In 2014 alone, 328 natural disasters affected more than 107 million people and caused nearly $100 billion in damages, according to the Brussels-based Centre for Research on the Epidemiology of Disasters. As climate-related incidents increase, natural resources become scarcer, and volatility and risk intensify around the globe, successful companies actively identify and manage risk, while developing robust contingency plans.
Mitigating environmental risks is crucial for manufacturing executives to safeguard material flows upstream in the supply chain. Integrating manufacturing with risk management for the entire corporate supply chain is a strong first step. Winners will be those companies that understand what drives risk and build in resilience and effective response mechanisms.
Toyota is among the first companies to address this strategic trend, following the disastrous 2011 earthquake and tsunami in Japan.

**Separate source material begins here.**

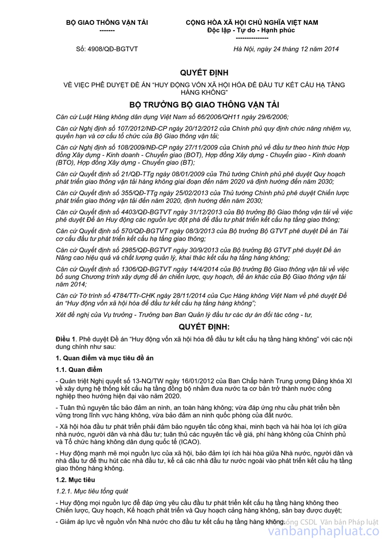 d) Triển khai thực hiện mạnh mẽ, quyết liệt và có hiệu quả các giải pháp của Đề án Huy động vốn xã hội hóa để đầu tư kết cấu hạ tầng hàng không tại Quyết định số 4908/QĐ-BGTVT ngày 24/12/2014 của Bộ trưởng Bộ GTVT.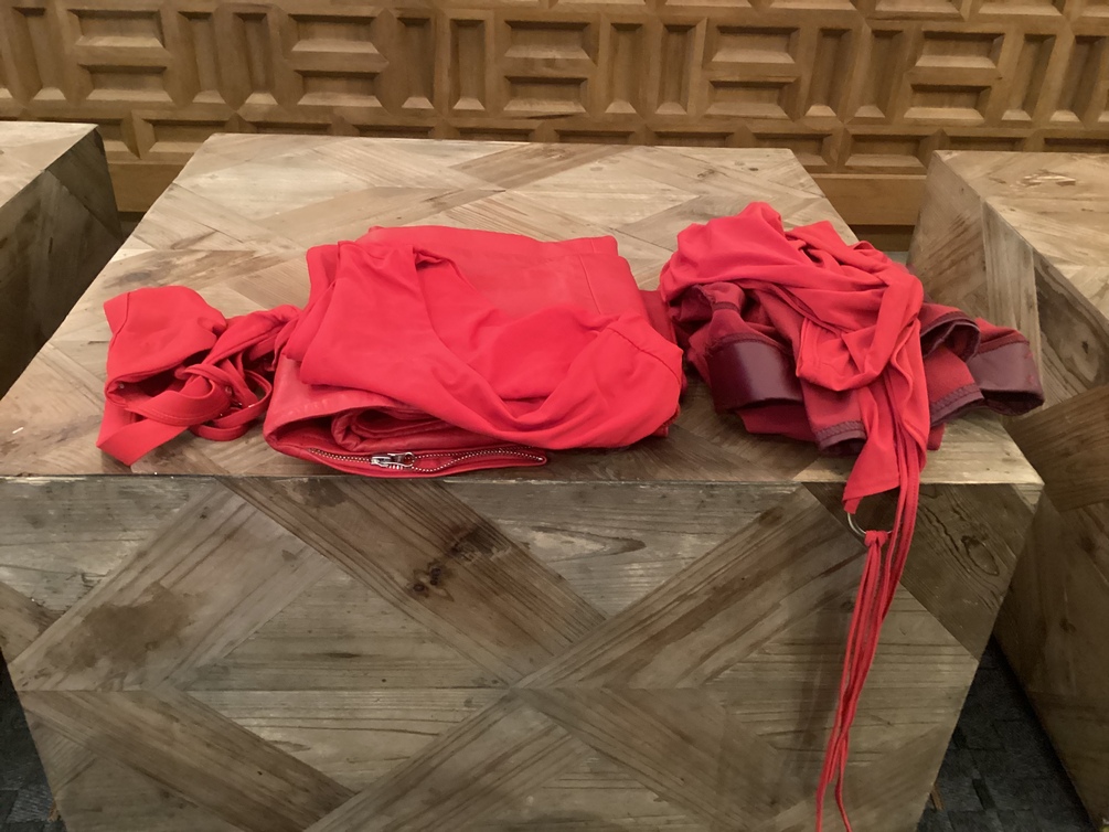 Include signed pants, panties, torn pants, a bra, etc. Various clothing, various shades of red.

Even though the automaker cannot predict the exact nature of future supply chain disruptions, its risk management plan now ensures that it can recover within two weeks of any disaster.
It is vital to fully understand the environmental changes and risks in your supply chain, not only as they could occur within your industry, but also as they could affect the industries of your suppliers and customers. Constant monitoring of risks and swift adoption of corrective measures as soon as early warning signs are detected is an excellent first measure. Also, it is wise to develop aligned mitigation plans that span all functions.